Rounding off the 2019 Carnival capsule is our yearly pilgrimage to the origins of Carnival; reflected through the re-enactment of the Canboulay Riots and the Stickfighting competition known as Kalinda; the latter of which saw Roger Sambury emerging as winner of this intense competition. Canboulay or Kambule, is a soul-stirring reminder of the physical and psychological battles fought to give all Trinidad and Tobago citizens their right to revelry. Its growing appeal, particularly among foreign audiences, is a testament to our cultural sector’s ability to merge old traditions with the new to give us “the greatest show on earth.”

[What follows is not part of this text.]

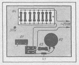 Настало время испытать усилитель в действии. Поверните ручку переменного резистора R3 (регулятор громкости) по часовой стрелке до упора и дотроньтесь пинцетом до входного вывода резистора R1. В наушниках должен прослушиваться звук низкого тона. Устанавливая движок резистора в разные положения, вы заметите, что изменяется и громкость звука. А теперь займемся включением ЭПУ в сеть. Электродвигатель Э-ПУ рассчитан на напряжение 127 В и обычно подключается в электрофоне к трансформатору, от которого питается усилитель. У вас такого трансформатора нет, и нужно придумать, как включить электродвигатель в сеть напряжением 220 В. Самый простой способ — погасить излишек напряжения с помощью резистора (R4), включенного в цепь питания электродвигателя (рис. 68, а). Но мощность резистора должна быть большая — 15 Вт. В продаже такие резисторы встречаются редко, поэтому придется использовать резисторы МЛТ-2,0 мощностью 2 Вт — всего понадобится 8 таких резисторов сопротивлением по 10 кОм, соединенных параллельно. Резисторы надо сначала установить на плате из изоляционного материала (рис. 68, б) и прикрепить плату снизу к панели проигрывателя вблизи его контактной планки. Затем соединяют резисторы с выводами планки, как показано на рис. 69. Сетевые провода должны быть в хорошей изоляции (лучше применять сетевой шнур) и иметь длину 1,5 — 2 м. Концы проводов, предназначенные для включения в сеть, следует подсоединить к двухштырьковой вилке — ее и вставляют в розетку. Сразу же после монтажа гасящего резистора проверьте работу проигрывателя — при установке переключателя 2 в положение «Пуск», а переключателя 1 в положение «33» или «45», диск проигрывателя должен вращаться с заданной скоростью. Можете теперь подключить звукосниматель к усилителю. Оплетку провода соедините с общим проводом усилителя (плюс батареи питания), а сам провод подключите к выводу резистора R1. Поставьте на проигрыватель грампластинку и послушайте звук в телефонах. Громкость его должна регулироваться переменным резистором R3. Если громкость недостаточна даже при максимальном сопротивлении резистора, удалите из усилителя резистор RA или замкните его выводы проволочной перемычкой.

There were several changes to the usual Carnival line-up for 2019. The Calypso Monarch Finals was strategically re-positioned as the key element of the Thursday-night Kaisorama Extravaganza. The North Park was introduced to add versatility to the QPS landscape, and the Socadrome was included as part of the official NCC- sanctioned parade route. The traditional Dimanche Gras Show was re-imagined as a spectacular cultural showcase. Additionally, the Carnival Village at the Savannah featuring live entertainment nightly provided family entertainment and kept the QPS, Carnival City, abuzz with activity. These alterations were intended to enhance the overall carnival experience, and the National Carnival Commission, executing bodies, Pan Trinbago, TUCO, NCBA, TTCBA and the Ministry of Community Development, Culture and the Arts will continue to collaborate to produce the best carnival product each year.